Intentionality is the point. We all have dozens, what may feel like hundreds of things begging for our attention at all times. Some good, some bad, and even the good things have the potential to be prioritized too highly and take too much of our attention. From all of these things fighting for our attention we can surmise one vitally important lesson: your attention is a commodity, and it takes intentionality to decide how to use it. 

I know that intentionality with our attention is hard. All of social media, every streaming service, even our email is designed to make it easy to jump on “for just a minute”, but difficult to disconnect. Their profit is dependent on how long they can get you attached to their content, so we get episodes that immediately start one after the other, infinite scroll news feeds, and suggested videos with titles that the algorithm knows we can’t resist. Your attention is a commodity, and they want it. 

I’m not trying to sound like a conspiracy theorist or to be overwhelming. My hope is that you can have a similar experience to the one I had. I’ve been reading this book titled Stolen Focus in which the author lays all of this out in much greater detail and with actual research. For me, realizing that the number in my screen time notification wasn’t a direct reflection of my lack of self-control was encouraging. 
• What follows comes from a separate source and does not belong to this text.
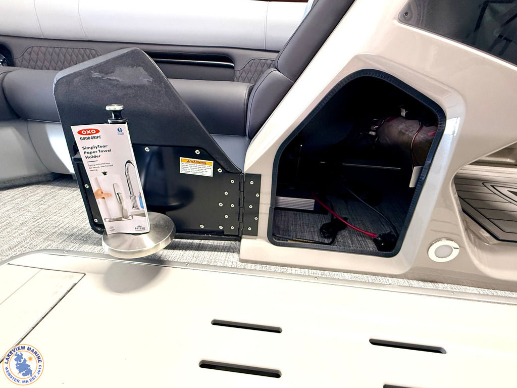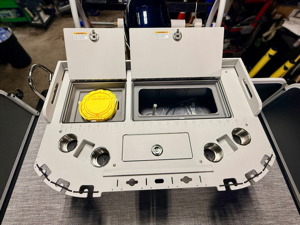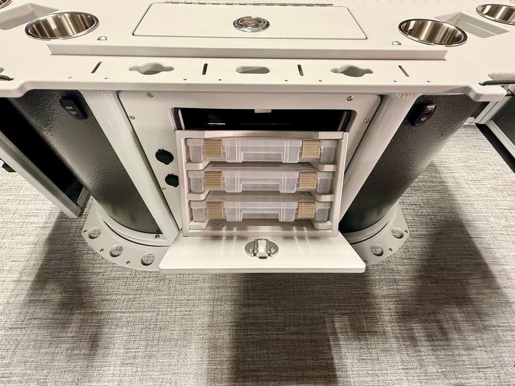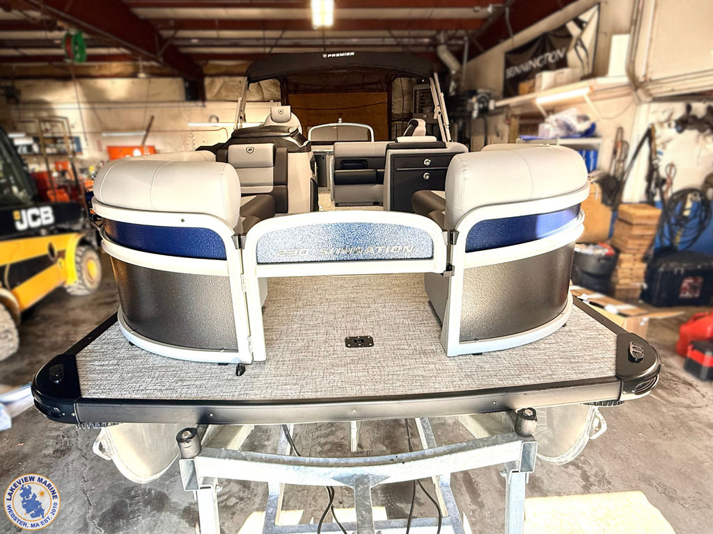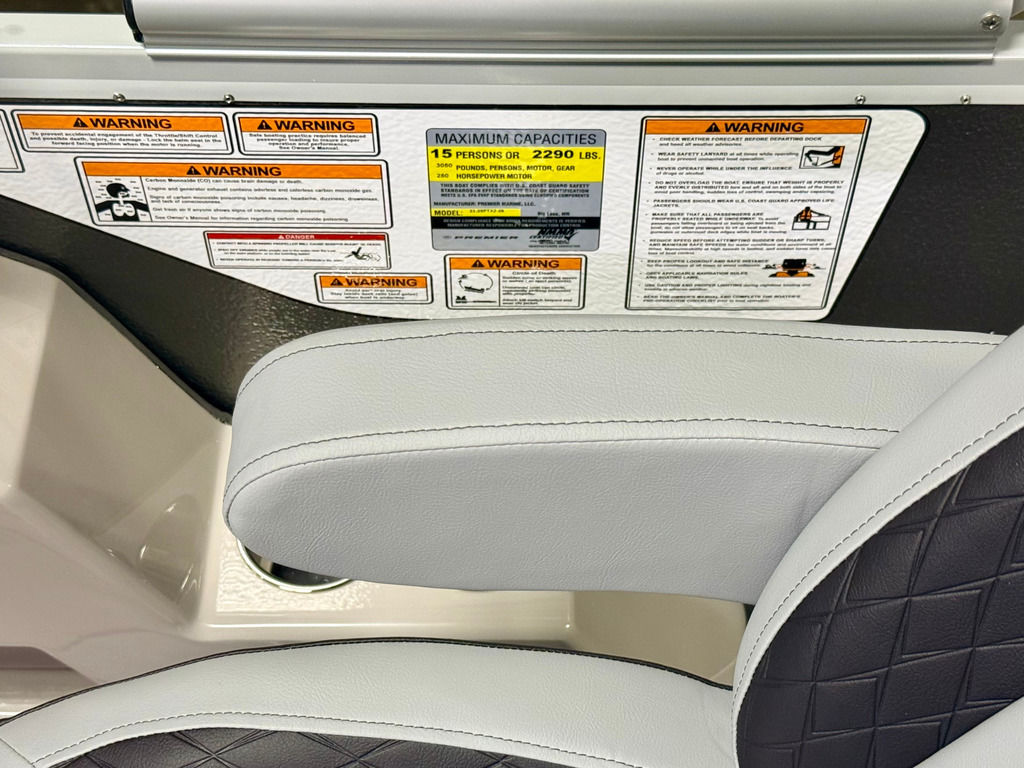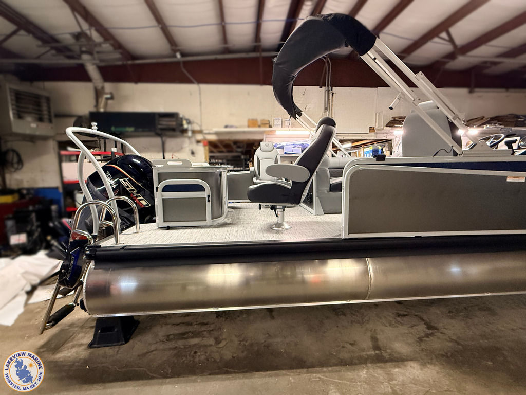 The Angler Series from Premier Pontoons is the smartest fish-ready pontoon in the industry. This tritoon is paired with the ultra-reliable Yamaha 150hp V-Max SHO Outboard and features an open water panel that easily swings open and stows out of the way, giving you direct access to the water. The Minn Kota Terrova Trolling Motor easily stows, revolutionizing the trolling motor experience! The rear fishing station features a livewell, 6 rod holders, bait bucket, fishing ruler, tackle boxes (3), 2 fishing chairs and drawer storage. We can't wait to show you this phenomenal fishing model!

I’m also not trying to let anyone, including myself, off the hook. It’s up to us not only to remove certain things from our attention time but to replace those things with what really deserves our attention. To intentionally choose one thing over another, for where your attention is, there your time will be also.
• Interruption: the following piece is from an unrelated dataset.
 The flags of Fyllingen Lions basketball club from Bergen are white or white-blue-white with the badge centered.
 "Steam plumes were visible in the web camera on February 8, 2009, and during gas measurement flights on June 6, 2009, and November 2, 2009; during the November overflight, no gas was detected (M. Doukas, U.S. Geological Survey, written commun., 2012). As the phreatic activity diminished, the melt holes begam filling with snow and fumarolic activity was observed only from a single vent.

The need for this in my own life started to become clear to me over my Fridays the past few weeks. Friday for me is most people’s Saturday, as my work week is generally Sunday-Thursday. My plans would never really pan out the way I hoped. I would intend to rest and recover from the work week by starting my day with a cup of coffee and some time in the Word, doing a few chores around the house, maybe visiting the library, watching an episode of whatever show I’m in, then reading the day away. But what ends up happening is maybe I’ll throw a load of laundry in, then I turn on a show and scroll through reels for an embarrassing amount of time. By the end of the day, rather than feeling rested I would feel anxious and overwhelmed. 
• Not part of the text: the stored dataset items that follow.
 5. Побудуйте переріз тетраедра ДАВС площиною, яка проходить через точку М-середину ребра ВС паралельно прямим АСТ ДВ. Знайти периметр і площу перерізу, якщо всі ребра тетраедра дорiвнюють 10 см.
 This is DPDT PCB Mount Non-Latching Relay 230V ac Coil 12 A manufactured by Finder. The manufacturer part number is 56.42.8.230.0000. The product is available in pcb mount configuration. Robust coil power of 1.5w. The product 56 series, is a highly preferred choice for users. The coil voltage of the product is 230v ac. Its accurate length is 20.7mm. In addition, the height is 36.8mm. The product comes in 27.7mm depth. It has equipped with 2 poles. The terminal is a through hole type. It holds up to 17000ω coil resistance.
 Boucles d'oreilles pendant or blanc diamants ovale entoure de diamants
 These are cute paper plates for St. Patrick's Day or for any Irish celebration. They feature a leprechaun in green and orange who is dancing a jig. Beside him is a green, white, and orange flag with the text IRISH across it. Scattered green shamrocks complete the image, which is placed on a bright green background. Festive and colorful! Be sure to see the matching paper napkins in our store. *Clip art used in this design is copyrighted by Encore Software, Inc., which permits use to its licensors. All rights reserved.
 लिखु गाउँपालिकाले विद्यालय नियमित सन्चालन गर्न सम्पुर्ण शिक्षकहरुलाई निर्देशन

Maybe you don’t relate to that feeling or any of what I’ve said so far, for that matter. Maybe the number on your screen time notification is next to nothing and when you look back at the choices you’ve made about where to spend your attention, you stand by each one. If that’s the case, I applaud you and hope you’ll send me an email to tell me exactly how you do it. But if you relate to me, directly or indirectly, you don’t need me to tell you why these choices are important. Like me, you’ve probably had days where the decisions to intentionally spend your attention came easy, and the rest and satisfaction at the end of those days is enough to make it worth it. 

What you give your attention to matters because it can either give life or it can take it. I don’t know what choices you need to make to be intentional with your attention. Will you let me tell you a few ideas I’m choosing myself to see if that sparks anything for you?

  1. Setting time limits on social media/video apps, and letting my wife set the passcode. 
  2. Leaving my phone downstairs at night. 
  3. In moments when I would normally pull out my phone and scroll, disrupting the auto impulse by opening the Bible app instead. 

Your attention is a commodity. How will you use it?